What is the actual case here?


Solution

  • I am going through the documentation of ListObjects function in AWS' go SDK.

    Use ListObjectsV2. It behaves more or less the same, but it's an updated version of ListObjects. It's not super common for AWS to update APIs, and when they do, it's usually for a good reason. They're great about backwards compatibility which is why ListObjects still exists.

    This example uses ListObjectsPages (which calls ListObjects under the hood) and claims to list all objects.

    ListObjectsPages is a paginated equivalent of ListObjects, and ditto for the V2 versions which I'll describe below.

    Many AWS API responses are paginated. AWS uses Cursor Pagination; this means request responses include a cursor - ContinuationToken in the case of ListObjectsV2 . If more objects exist (IsTruncated in the response), a subsequent ListObjectsV2 request content can provide the ContinuationToken to continue the listing where the first response left off.

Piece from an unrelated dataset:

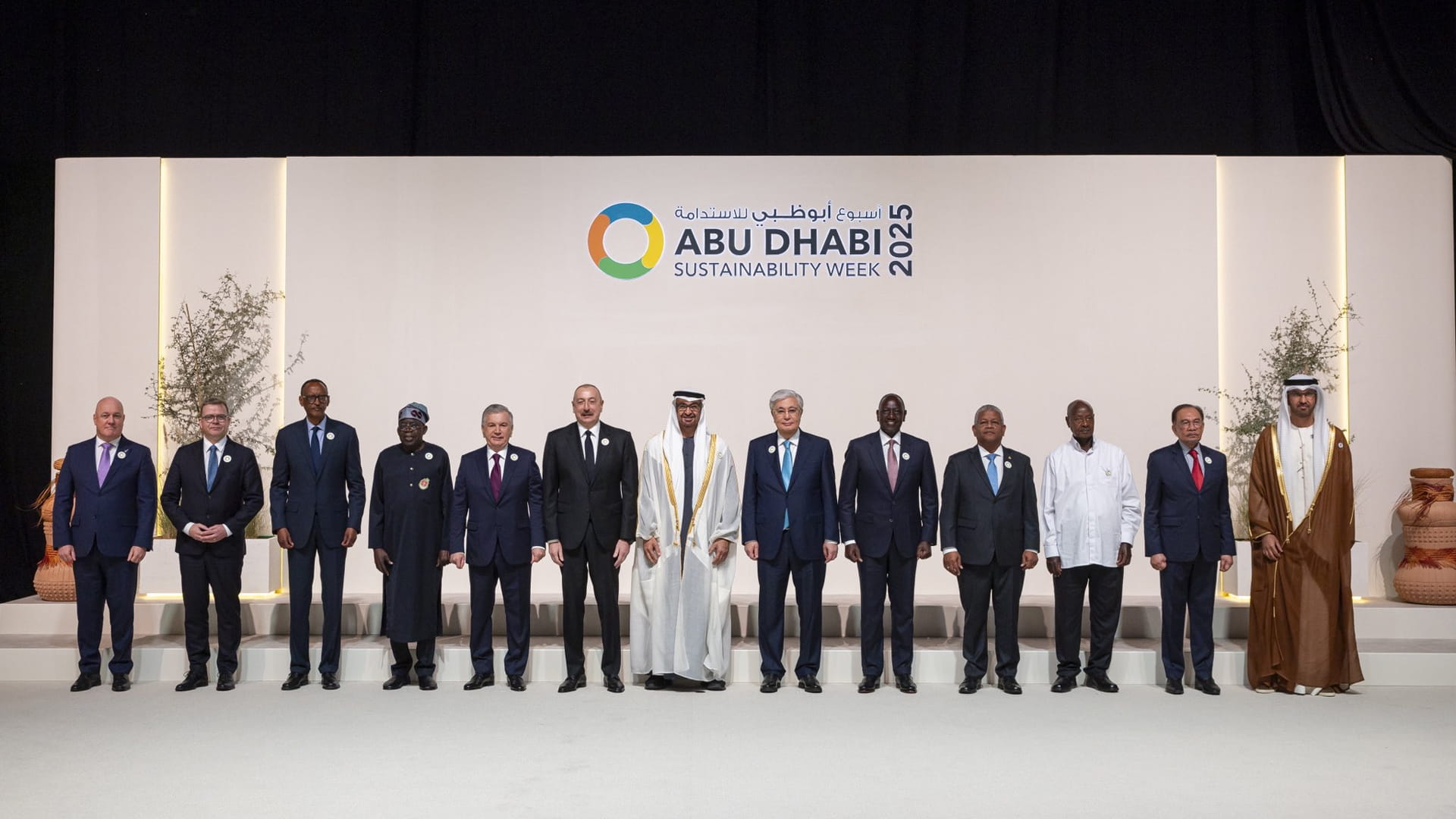 ورحب صاحب السمو رئيس الدولة بضيوف الإمارات من القادة والمسؤولين والخبراء.. مشيراً سموه إلى أن "أسبوع أبوظبي للاستدامة".. يمثل منصة عالمية لطرح الرؤى وتبادل الخبرات من أجل مستقبل أفضل للبشرية ويجسد التزام دولة الإمارات الثابت بدعم كل ما يعزز العمل الجماعي الدولي لتحقيق التنمية المستدامة والازدهار للجميع.. إضافة إلى نهج الدولة في تبني التكنولوجيا المتقدمة وتوظيفها لتحقيق نقلة نوعية في نظم الطاقة ودفع عجلة التقدم الاقتصادي بما يضمن تحقيق الاستقرار والرفاهية للمجتمعات.

    ListObjectsV2Pages handles the iterative ListObjectsV2 requests for you so you don't have to handle the logic of ContinuationToken and IsTruncated. Instead, you provide a function that will be invoked for each "page" in the response.

    So it's accurate to say ListObjectsV2Pages will list "all" the objects, but it's because it makes multiple ListObjectsV2 calls in the backend that it will list more than one page of responses.

    Thus, ...Pages functions can be considered convenience functions. You should always use them when appropriate - they take away the pain of pagination, and pagination is critical to make potentially high volume api responses operable. In AWS, if pagination is supported, assume you need it - in typical cases, the first page of results is not guaranteed to contain any results, even if subsequent pages do.